Updated

North Korea recently detained a U.S. citizen, officials said Sunday, in the latest case of an American being held in the country.

The Swedish Embassy in Pyongyang said it was aware of a Korean-American citizen being detained recently, but could not comment further. The embassy looks after consular affairs for the United States in North Korea because the two countries do not have diplomatic relations.

South Korea's Yonhap News Agency, citing unnamed sources, reported that a Korean-American man was arrested Friday at Pyongyang's international airport while trying to leave North Korea.
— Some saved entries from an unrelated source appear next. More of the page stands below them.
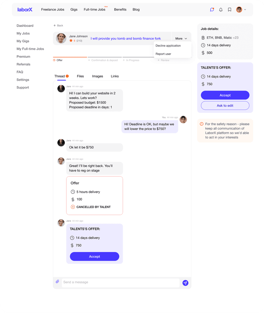 ✦ The new interface was well welcomed, yet several changes were implemented based on the results of moderated usability testing. Initially, the offer card and CTA were supposed to appear in the chat window, but 3 of 8 users said that they actively communicate with freelancers and the buttons may get lost in the correspondence.
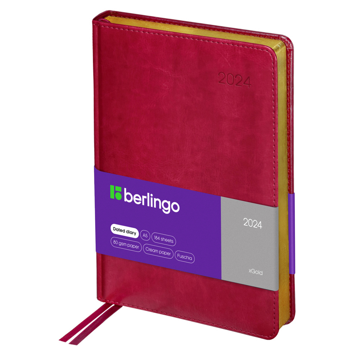 Ежедневник датированный Berlingo xGold фуксия, A5, 184 листа, под кожу, зол. срез, 2024
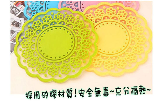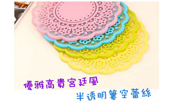 半透明鏤空蕾絲,為居家營造優雅高貴宮廷風,採用安全無毒的矽膠材質,能充份隔熱。
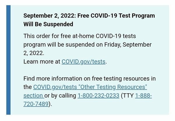 The federal government has announced that the USPS program for free rapid tests will be ending on Fri. Sept 2
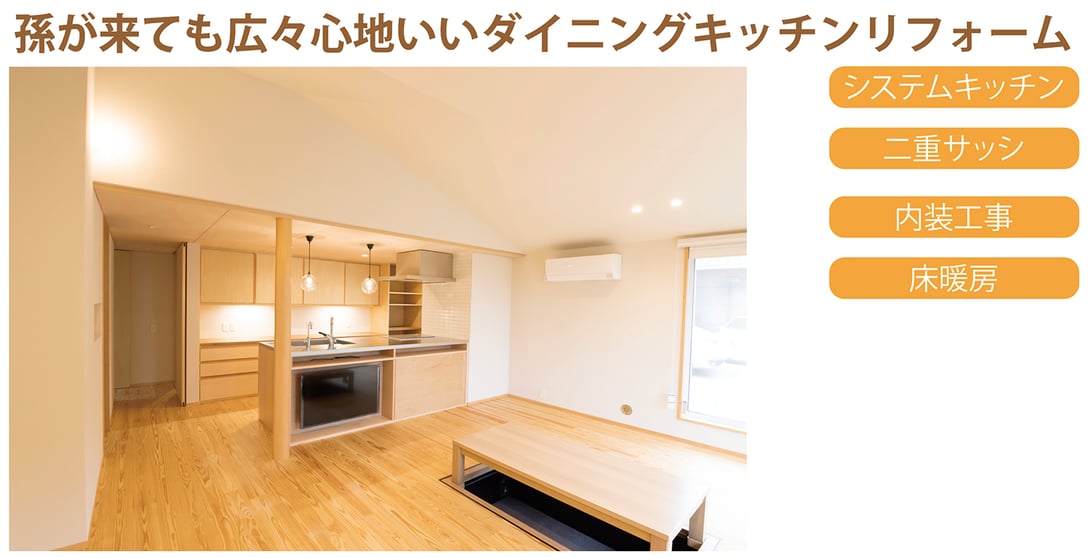 別々だったキッチンとダイニングをつなげたり、堀コタツを取り込んだりしてLDKを一体化し、広々とした1つの空間しました。冷暖房がよく効く二重サッシに入れ替え、芯から温まる床暖房も取り入れました。
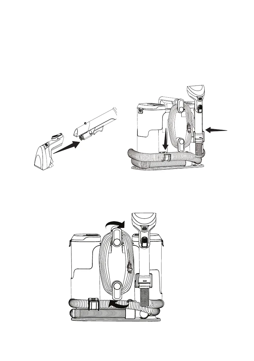 NOTE: Put the exible hose onto the hose storage holder. Snap the end of the
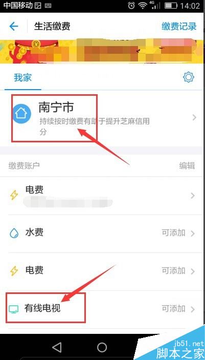 进入生活缴费的页面后,点击选择你所在的城市,然后点击如下图所示的“有线电视”那一栏,添加你家的有线电视信息。
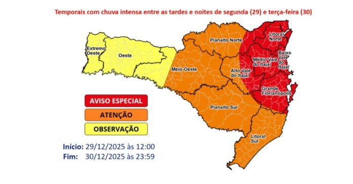 Na segunda-feira (29), os temporais se formam a partir da tarde e podem provocar chuvas intensas em curto período de tempo, aumentando o risco para alagamentos e enxurradas. O risco é muito alto nas áreas do Planalto Norte, Litoral Norte, Vale do Itajaí e Grande Florianópolis e parte do Litoral Sul, especialmente entre o meio da tarde e o início da noite.
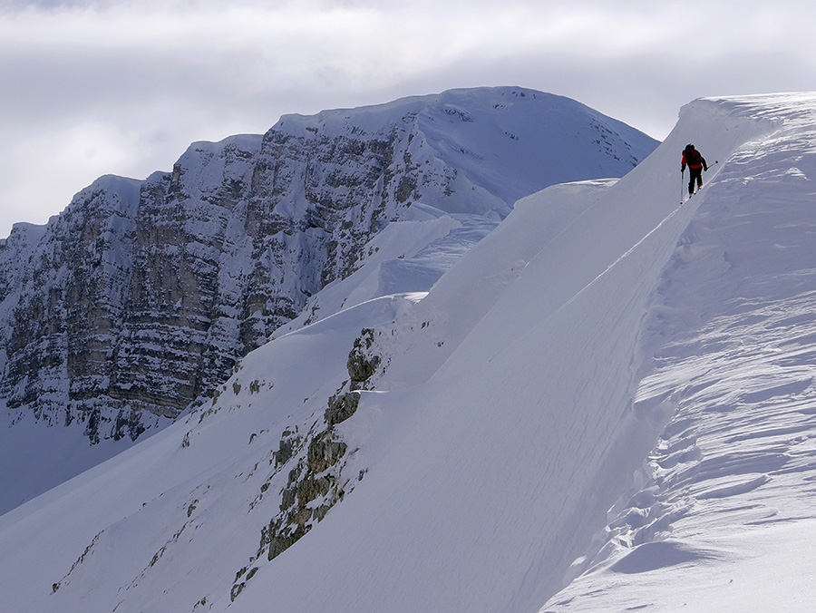 Traversata del Velino: dal Valico del Puzzillo, Max Marconi scende su una spina di neve con alle spalle la parete del Costone
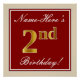 Este design simples e bolsa mensageifesta de aniversario elegante apresenta uma mensagem personalizada como "segundo aniversário do nome-aqui!" (com o "segundo" com aparência falsa/imitação de cor dourada) dentro de uma área quadrada de cor vermelha com um contorno de borda simples. O nome está em um texto elegante, de cor branca, semelhante a script, e pode ser personalizado. Uma poster personalizada como esta poderia talvez ser usada como decoração em uma festa para alguém que comemora seu segundo aniversário. [~Z0000234]
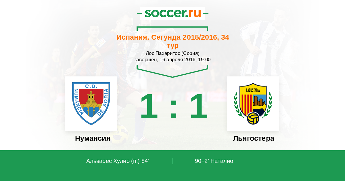 Протокол матча Нумансия против Льягостера

It said the man, in his late 50s and identified by his surname, Kim, has been involved in aid and relief programs to North Korea and was a former professor at the Yanbian University of Science and Technology in China.

South Korea's Unification Ministry and its intelligence agency both said they were unable to confirm the report.
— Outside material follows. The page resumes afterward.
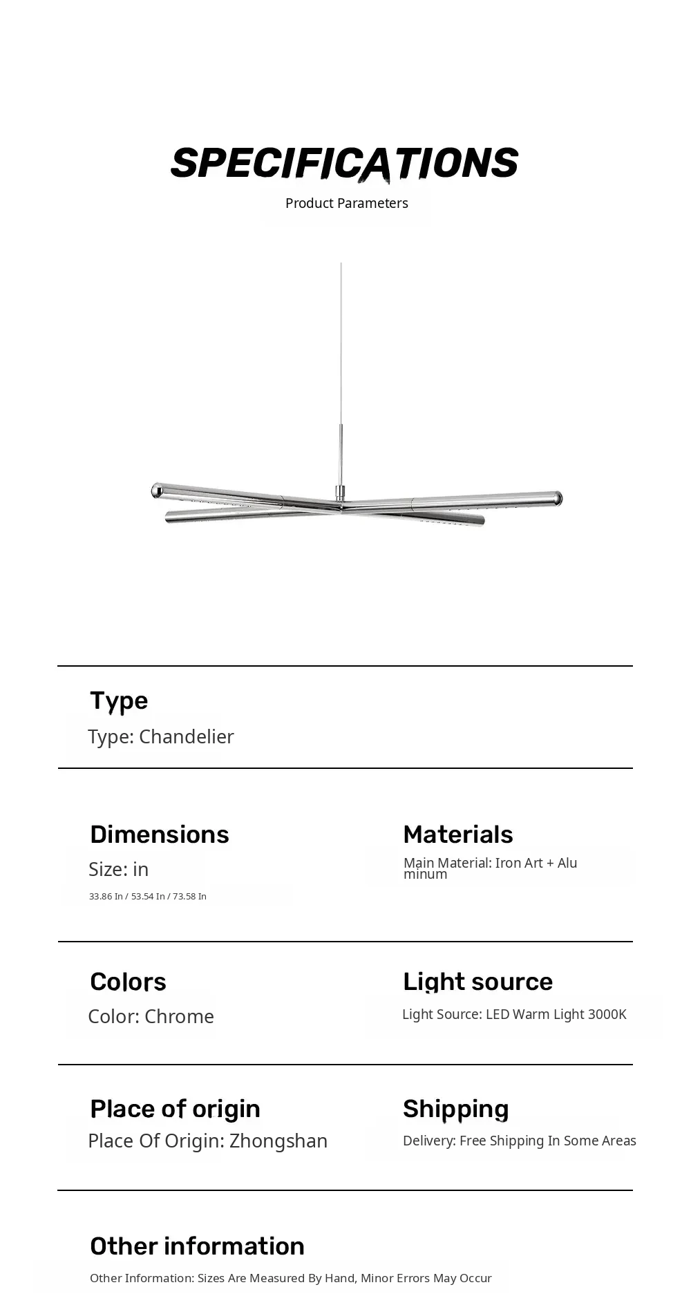 Chrome Color-Large Size (73.62in) Replica Regular Style(Suitable for 2.2- 118.11in Long Table)
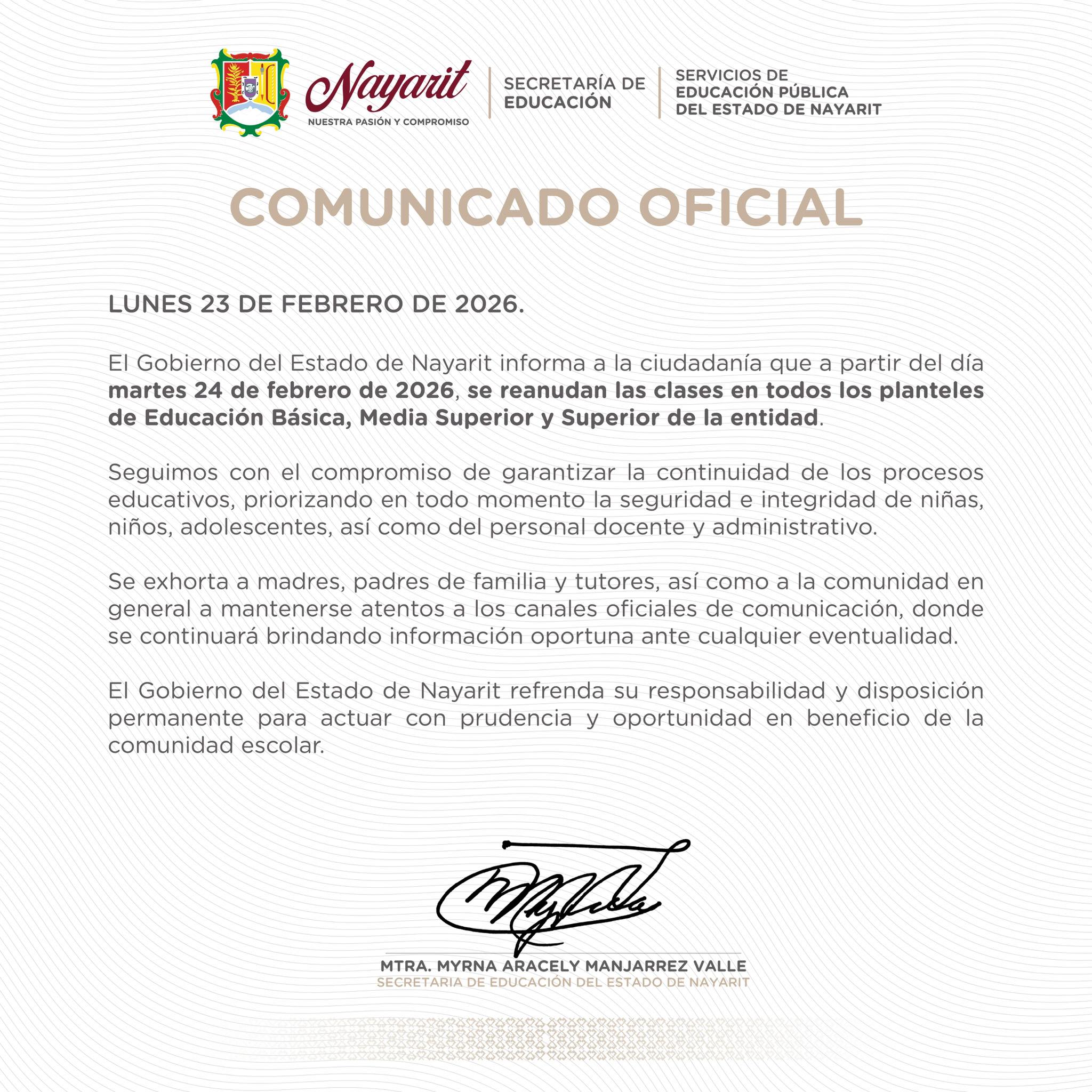 El Gobierno del Estado de Nayarit, a través de la Secretaría de Educación y los Servicios de Educación Pública del Estado de Nayarit, informa a la ciudadanía que a partir del martes 24 de febrero de 2026 se reanudan las clases en todos los planteles de Educación Básica, Media Superior y Superior de la entidad.

At least two other Americans are currently detained in North Korea. Last year, Otto Warmbier, then a 21-year-old University of Virginia student from suburban Cincinnati, was sentenced to 15 years of hard labor in prison after he confessed to trying to steal a propaganda banner. Kim Dong Chul, who was born in South Korea but is also believed to have U.S. citizenship, is serving a sentence of 10 years for espionage.

At least one other foreigner, a Canadian pastor, is also being detained in North Korea. Hyeon Soo Lim, a South Korean-born Canadian citizen in his 60s, was convicted and sentenced to life in prison in 2015 on charges of trying to use religion to destroy the North Korean system and helping U.S. and South Korean authorities lure and abduct North Korean citizens.